October 31, 2021
The judge presiding over the retrial procedure in the case of the murder of journalist and publisher Slavko Ćuruvija has scheduled the sentencing of the four accused former members of the State Security Service for 2nd December.
The four defendants were initially sentenced to a total of 100 years imprisonment under the first instance verdict of April 2019, but that verdict was overturned by the Court of Appeal and a retrial was subsequently ordered and commenced on 5th October last year.
In the final stages of the retrial, three of the accused – Radomir Marković, Milan Radonjić and Ratko Romić – used their closing arguments to deny their guilt in the 11th April 1999 murder of Ćuruvija, as they’d done in the previous trial. The fourth defendant, Miroslav Kurak, has been on the run for years and is being tried in absentia.
The prosecutor used his own closing argument to request that each of the accused receive 40-year sentences.

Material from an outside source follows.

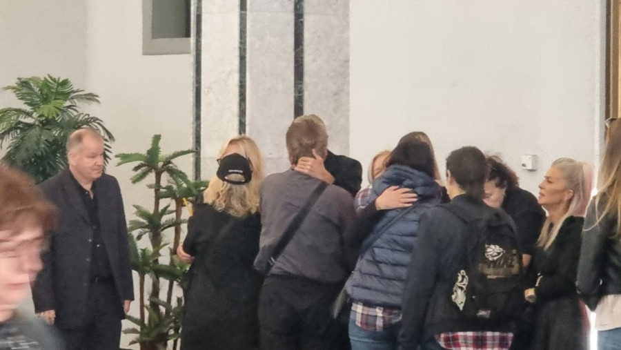 Mirko Kodić i njegova bivša supruga Jasna nemi su od bola. Silvija, druga supruga slavnog harmonikaša i njihova ćerka Rebeka stajale su pored Mirka. Rebeka nije mogla da sakrije tugu zbog preranog odlaska svog polubrata Aleksandra.

Of the 39 hearings scheduled throughout the course of the retrial, only every other one was held, while just less than two full days (47 hours) of court time was recorded at the so-called Special Court in Belgrade during the 386 days allocated for the trial. The initial trial procedure lasted a whopping 1,405 days.
Executive Director of the Slavko Ćuruvija Foundation, Ivana Stevanović, said that all of this is really devastating and that it is now vital for this case to finally receive its epilogue.
“As long as this case remains open, we have a situation of impunity for the perpetrators, which sends a clear message to all journalists that they are not secure and that the State and judicial apparatus are not there to protect them.”